En un país donde manda el crimen organizado, hablar de soberanía resulta una burla para millones de ciudadanos que viven con miedo
Por Félix Muñiz

El presidente nacional del PRI, Alejandro Moreno Cárdenas, volvió a colocar el tema de la seguridad en México en el centro del debate nacional al manifestar su respaldo abierto a la determinación del gobierno de Estados Unidos de colaborar en la destrucción del crimen organizado en México.
En conferencia de prensa, en el marco de la Reunión Plenaria de los diputados y senadores del PRI, el dirigente nacional del tricolor Alejandro Moreno destacó que en nuestro país hay un terrorismo criminal que ha sembrado miedo en la población.
La postura, expresada por el senador del PRI con legisladores priistas, no solo cimbró el discurso oficialista de “soberanía”, sino que evidenció (una vez más) el colapso del Estado mexicano bajo los gobiernos de Morena.
En un país donde manda el crimen organizado, hablar de soberanía resulta una burla para millones de ciudadanos que viven con miedo. Moreno Cárdenas fue contundente: México enfrenta un terrorismo criminal que ha normalizado masacres, fosas clandestinas, campos de exterminio, drones bomba y asesinatos de políticos, mujeres, niñas y niños.
Frente a esta realidad, el rechazo del gobierno federal a la colaboración internacional en materia de seguridad no es patriotismo: es complicidad por omisión.
“Alito” Moreno cuestionó con dureza la incongruencia de Morena, que acepta y paga médicos cubanos, pero se niega a recibir apoyo internacional para combatir a los cárteles. ¿La soberanía aplica solo cuando conviene al discurso político? Para Moreno Cárdenas, la respuesta es clara: Morena utiliza la soberanía como cheque en blanco para encubrir su ineptitud, corrupción y vínculos con el narcopoder.
Durante la Reunión Plenaria de diputados y senadores del PRI, el líder tricolor denunció que el gobierno federal está rebasado, “doblado” y “hincado”, tanto en política exterior como en seguridad pública. Las supuestas cifras oficiales de reducción del delito, aseguró, son “cifras alegres” maquilladas desde la mañanera, mientras la violencia real se siente en las calles. Desapariciones ocultas, homicidios reclasificados y secuestros silenciados forman parte de un andamiaje de mentira institucionalizada.

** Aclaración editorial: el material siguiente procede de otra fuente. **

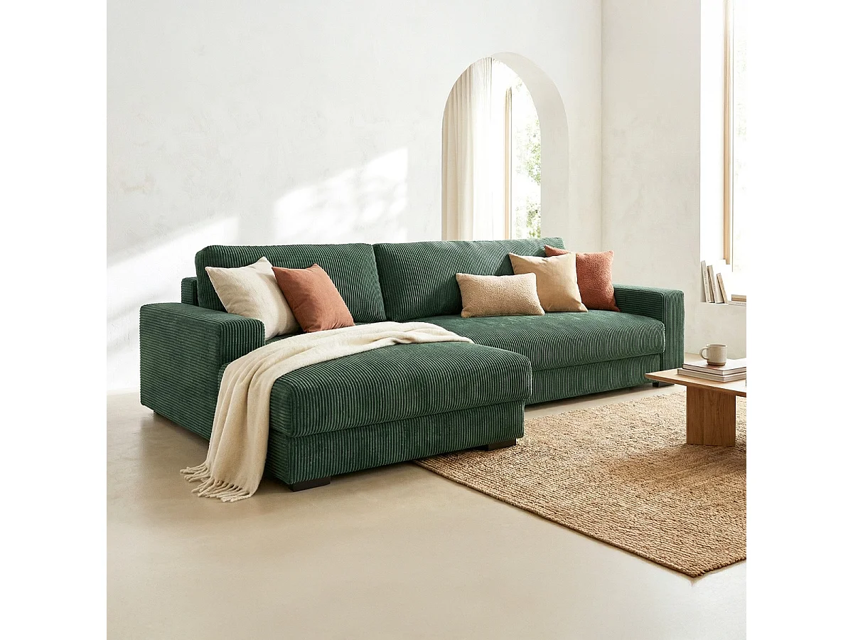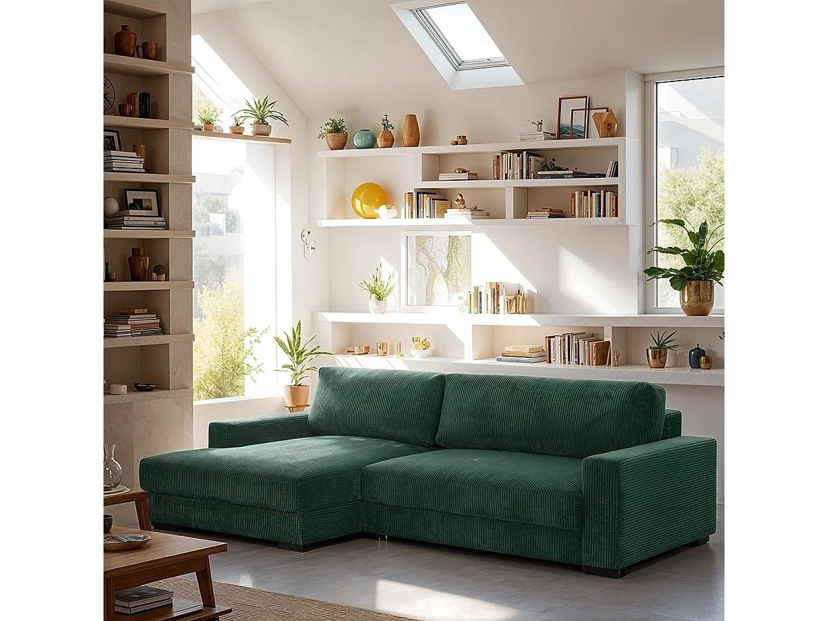 Canapé d'angle à gauche convertible 3 places avec coffre en velours côtelé vert foncé - Arty
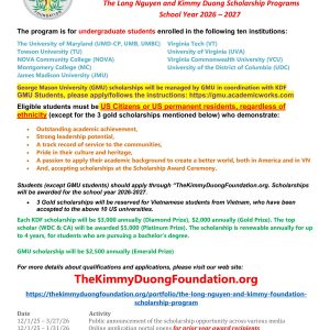 Qualifications – Southern California To qualify for The Long Nguyen and Kimmy Duong Undergraduate Scholarship Program in Southern California, […]

El respaldo de Alejandro Moreno a la participación de Estados Unidos en el combate al crimen organizado en México también tiene una lectura estratégica: la pésima política exterior de Morena ha tensado la relación con los principales socios comerciales del país y pone en riesgo la estabilidad del T-MEC, el tratado más importante para la economía nacional. Sin certidumbre, sin Estado de Derecho y sin combate real al crimen, México pierde confianza internacional.
En contraste, Moreno Cárdenas defendió el papel histórico del PRI como constructor de instituciones, creador de programas sociales, arquitecto de los tratados comerciales y garante de gobernabilidad. Aseguró que el país atraviesa “el momento más oscuro de su historia democrática” y advirtió que México va directo al abismo si continúa en manos de un gobierno que ha normalizado la violencia y destruido las instituciones.
El mensaje final fue claro y político: el PRI no tiene miedo, dará la batalla y denunciará el Estado fallido que hoy gobierna Morena. En un México donde el crimen organizado opera con libertad, respaldar la cooperación internacional no es traición: es responsabilidad de Estado.